Harbiye’de daima sınıf birincisiydi.
Sahra topçusu olarak teğmen rütbesiyle Harbiye’yi bitirdi (1903).
Harbiye’yi dereceyle bitirenler erkânıharp namzetlerine ayrıldıkları için, ismet de, Pangaltı’daki Erkânıharbiye mektebine girdi.
O yıllarda İstanbul’da, Valide camii karşısında küçük bir evde kiracıydılar.
Sonra, bir iki yıl, hava değişimi için Rumelikavağı’nda oturdular.
Burası ona büyük bir tabiat sevgisi, tabiata yakınlık duygusu verdi.
Altı yıl, yaz tatillerini İzmir’de, küçük dayısının yanında geçirdi.
Daha Sivas’tayken Fransızcaya merak sarmış, idadi ve Harbiye’de bu dili adamakıllı ilerletmişti.
Yaz tatillerinde, önündeki sınıfın en zor derslerini hazırladığı için, yıl içinde lisan çalışmalarına ayıracak zaman bulabiliyordu.
Erkânıharbiye mektebine geldiğinde Almancanın da gerekliliğini anladı.
O devirlerde askerlik denilince, akla alman ordusu geliyordu.
Alman mütehassıslar osmanlı ordusunun eğitimini ele almışlardı, ismet, bir arkadaşıyla birlikte, özel olarak Almanca öğrenimine başladı.
Bu arkadaşı, kendisinden bir iki sınıf üstteki Ali Fuat (Erden) idi.

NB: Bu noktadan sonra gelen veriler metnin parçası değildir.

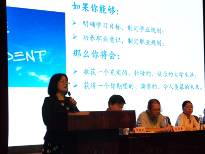 随后,张书娟老师以“同‘信’同行,共促成长”为主题,结合详实数据和典型案例介绍了公司在促进员工发展方面所做出的努力和取得的成绩,从大学学什么、大学怎么学两个方面向全体新生介绍了大学学习的特点、应关注的重点以及要克服的难点,帮助新生尽快适应角色转变、尽快制定四年学业以及职业规划。

Bütün o nesil için olduğu gibi kitaplar, yabancı dilde gazete ve dergiler İsmet’in en yakın dostlarıydı.
Yeni bilgiler ismet’e de memleketin halinin göründüğünden daha korkunç olduğu intibaını veriyordu.
Erkânıharbiye mektebi, yakın bir zamanda görevin kendilerine düşeceğini sezerek kendilerini yetiştirmeye çalışan gençlerle doluydu.
Enver, ismet’in mektebe girdiği yıldan bir önceki yıl mezun olmuştu.
Mustafa Kemal son sınıf öğrencisiydi. Ali Fuat (Cebesoy), Asım (Gündüz), Ali İhsan da (Sabis) son sınıftaydılar.
Kâzım (Karabekir) ortadaki sınıftandı. Fethi (Okyar) 1903’te kurmay olmuştu.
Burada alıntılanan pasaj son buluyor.